EXERCISE DETAILS
Could you set down the listing below exactly, leaving out its pictures?

DATA PROVIDED

· · · · ·

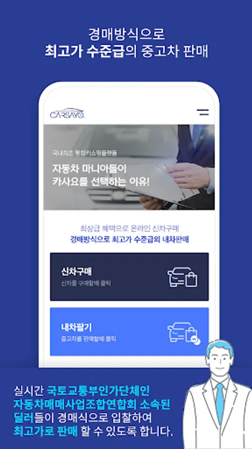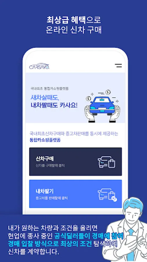 Based on the trust accumulated through 24 years of know-how, we built a nationwide automobile distribution network system and implemented it as an online application in mobile in 2021 to create Casayo. Casayo is an online integrated sales platform that provides reasonable specifications for each customer from consultation to contract, shipment and registration for customers who need to be thoroughly scrutinized for new car purchase and used car sales. Consultation, shipment, purchase by providing a comparative analysis of experts in each field at a glance, including official brand dealers, new car agencies, financial companies, used car dealers affiliated with the Automobile Trade Association, an accredited organization by the Ministry of Land, Infrastructure and Transport, and direct insurance companies at a glance By minimizing the complicated and cumbersome process from sales to sales, we provide a dream car life that is optimized for your lifestyle.
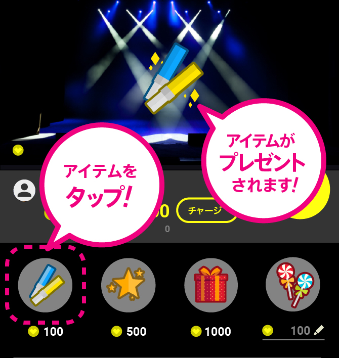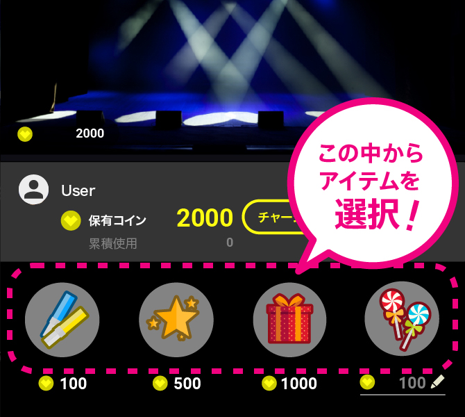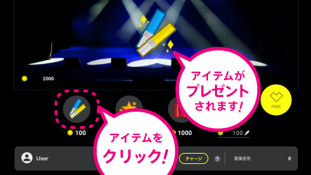 「この配信おもしろい!」、「配信に出ている出演者の方を応援したい」など、ユーザーの皆様の思いをアイテムに乗せて届けよう!
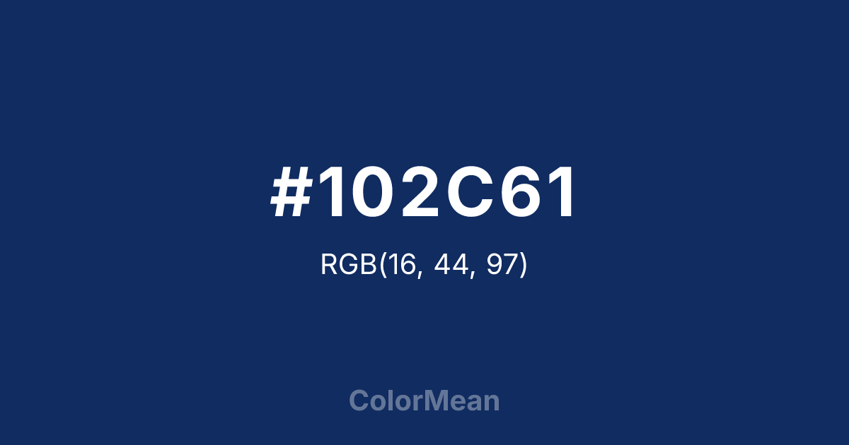 #102C61 RGB value is (16, 44, 97). The hex color red value is 16, green is 44, and blue is 97. Its HSL format shows a hue of 219°, saturation of 72 percent, and lightness of 22 percent. The CMYK process values are 84 percent, 55 percent, 0 percent, 62 percent.
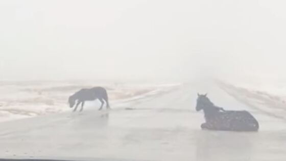 В Сети появилось видео с лошадьми, которые пытаются перейти казахстанскую трассу. Она оказалась скованна льдом и превратилась в каток. Автолюбитель снял группу лошадей, которые пытались перейти дорогу по голому льду. Перейти на другую сторону удалось не всем. Одно животное после того, как подскользнулось, осталось сидеть на дороге и смотреть на объезжающие ее машины. Группа верблюдов остановилась перед обледенелой дорогой в Казахстане, понимая, что перейти ее проблематично. Но среди них оказался молодой и нетерпеливый подросток, который решил испытать судьбу и бросился вперед. Проскользив до другого конца трассы он попытался сойти с ледяной дороги, но ноги разъехались в разные стороны. Весь инцидент снял на видеорегистратор водитель.

· · · · ·

RESULT OF THIS TASK
 Based on the trust accumulated through 24 years of know-how, we built a nationwide automobile distribution network system and implemented it as an online application in mobile in 2021 to create Casayo. Casayo is an online integrated sales platform that provides reasonable specifications for each customer from consultation to contract, shipment and registration for customers who need to be thoroughly scrutinized for new car purchase and used car sales. Consultation, shipment, purchase by providing a comparative analysis of experts in each field at a glance, including official brand dealers, new car agencies, financial companies, used car dealers affiliated with the Automobile Trade Association, an accredited organization by the Ministry of Land, Infrastructure and Transport, and direct insurance companies at a glance By minimizing the complicated and cumbersome process from sales to sales, we provide a dream car life that is optimized for your lifestyle.
 「この配信おもしろい!」、「配信に出ている出演者の方を応援したい」など、ユーザーの皆様の思いをアイテムに乗せて届けよう!
 #102C61 RGB value is (16, 44, 97). The hex color red value is 16, green is 44, and blue is 97. Its HSL format shows a hue of 219°, saturation of 72 percent, and lightness of 22 percent. The CMYK process values are 84 percent, 55 percent, 0 percent, 62 percent.
 В Сети появилось видео с лошадьми, которые пытаются перейти казахстанскую трассу. Она оказалась скованна льдом и превратилась в каток. Автолюбитель снял группу лошадей, которые пытались перейти дорогу по голому льду. Перейти на другую сторону удалось не всем. Одно животное после того, как подскользнулось, осталось сидеть на дороге и смотреть на объезжающие ее машины. Группа верблюдов остановилась перед обледенелой дорогой в Казахстане, понимая, что перейти ее проблематично. Но среди них оказался молодой и нетерпеливый подросток, который решил испытать судьбу и бросился вперед. Проскользив до другого конца трассы он попытался сойти с ледяной дороги, но ноги разъехались в разные стороны. Весь инцидент снял на видеорегистратор водитель.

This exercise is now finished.